Das’s adventures with the line are inseparable from his unabashedly eroticized celebration of the body, mostly female but also occasionally male. Instead of calling them nudes, he prefers to describe them as “energized bare figures”. The women are absorbed in dance, song, contemplation or ecstasy, and more than their clothes, what they seem to have shed are time, history and the burden of the flesh — without becoming disembodied in the process. They are reduced to the essence of their physical movement or stillness. And this simplification of the human form into timeless motion or stasis takes the figurative substance of Das’s work towards some sort of abstraction. With titles like Movementing and Balancing, Music in the Air, Massive Stance and Heads & Masks, these are paintings that aspire to the condition of sculpture, music, dance and a kind of pure theatricality. The single figure dominates, but there are also encounters and confrontations, depicting sexed exchanges — “intense dialogues” — between the seer and the seen, the artist and his model, minimal figures and creatures of pure colour (Two in Monochrome). Particularly in the watercolours, minimal lines and strokes create bodies of fine colour, rarefied forms that are reminiscent of Chinese art, as in Stretched to Eternity and Lyrical Grey.

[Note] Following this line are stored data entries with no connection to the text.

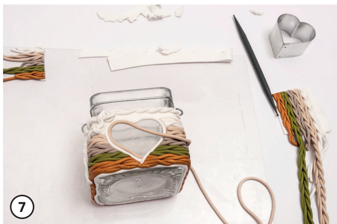
7 Ricopri il bordo del motivo con un cordoncino di Fimo.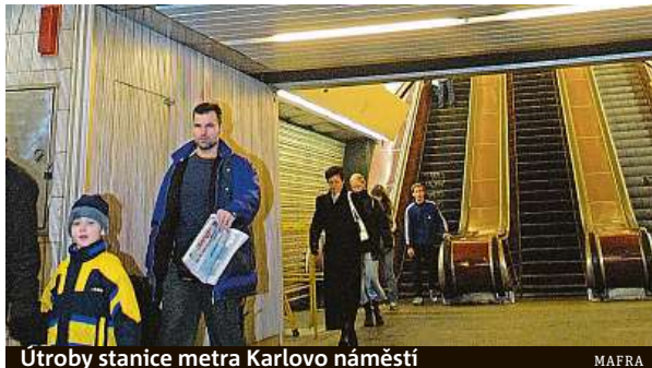
Útroby stanice metra Karlovo náměstí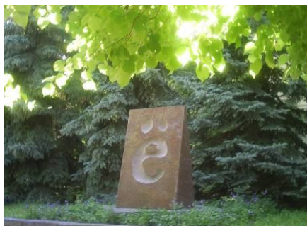
Nur en nia urbo estas monumento al litero “ë”[jo]

Unu el vidindaĵoj estas monumento al Karamzin, kreinto de la “Historio pri Regno Rusia”, kiu aldonis al la rusa alfabeto literon «ë».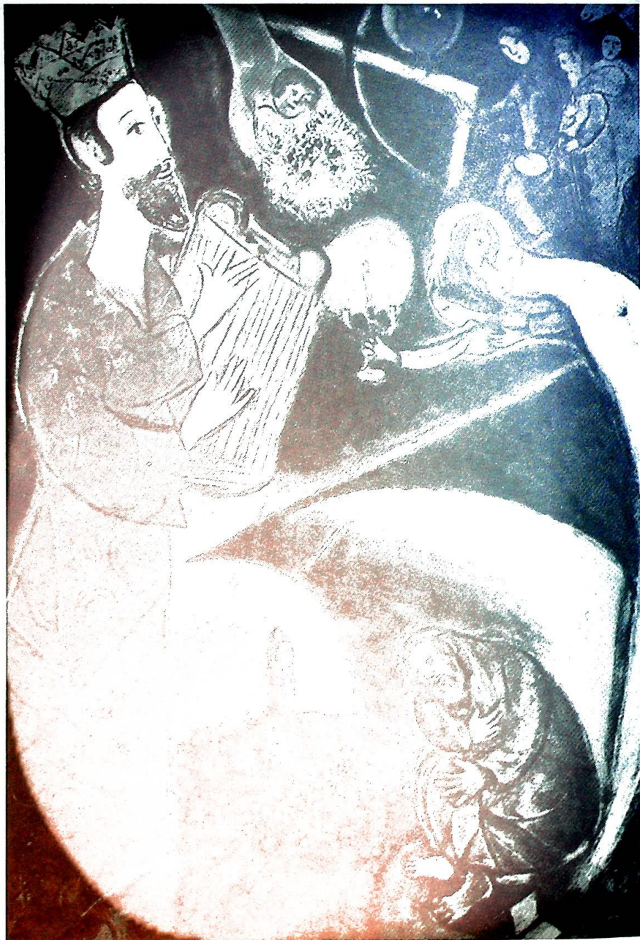
Marc Chagall: Kong David

Med utgangspunkt i den jødiske trostradisjon begynte altså en ny tro å ta form. Guds utvalgte folk var ikke lenger begrenset til jødene, men innbefattet alle verdens folkeslag. Teologene og Kirken tolket gamle begreper i en ny sammenheng. Kirken ble symbolet på det nye Jerusalem. Kirken gav ny næring og nytt innhold til Salmene. Salmene ble også hyppig sitert av Det Nye Testaments forfattere (mer enn hundre ganger, se bl.a. Mt. 21,42, 26,30, 27,46, Lk. 23,46 etc.). Faktum er at generasjoner av troende, jøder som kristne, har latt og lar seg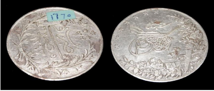
(لوحة رقم ٢) ٢٠ قرش من عهد السلطان عبدالحميد والخديوى توفيق سنة ١٢٩٣هـ

This is a happy and weightless art, pleasing to the eye — a little too pleasing, in fact, in its unmodulated, colour-coordinated ebullience. Even the seers, thinkers and prophets, the gyani, the vairagi, the “one-legged saint” and the “lone seeker” are absorbed in lightly histrionic postures, refusing to take themselves very seriously, their often-droll faces devoid of inwardness or depth. They are bodies, rather than selves, creations of form, line, colour and agility, so that even the most imposing oils remain undemanding works, but skillfully executed and not lacking in wit: the blur of moving heads, hands or feet, and sometimes the eyeballs seeming to leap out of their sockets, like living monocles attached to invisible springs.
What locates these paintings in a classical Indian tradition are the sharply drawn hands, with their long, tapering, upturned fingers stylized into a variety of mudras. These beautiful hands turn their owners into nayikas or yakshis whose proper homes are Khajuraho, Konarak, Mahabalipuram and Ajanta, Sudraka’s Mrichchhakatika, Jayadev’s Gitagovinda and the Natyashastra. They find themselves effortlessly transported into the cosmopolitan world of urban Indian art, haunted by Matisse, Picasso and Rodin (of the sketches and watercolours, rather than the sculptures). But there is also the influence of Ramkinkar Baij and Javanese art, and the folk as well as classical traditions of the painter’s native Orissa.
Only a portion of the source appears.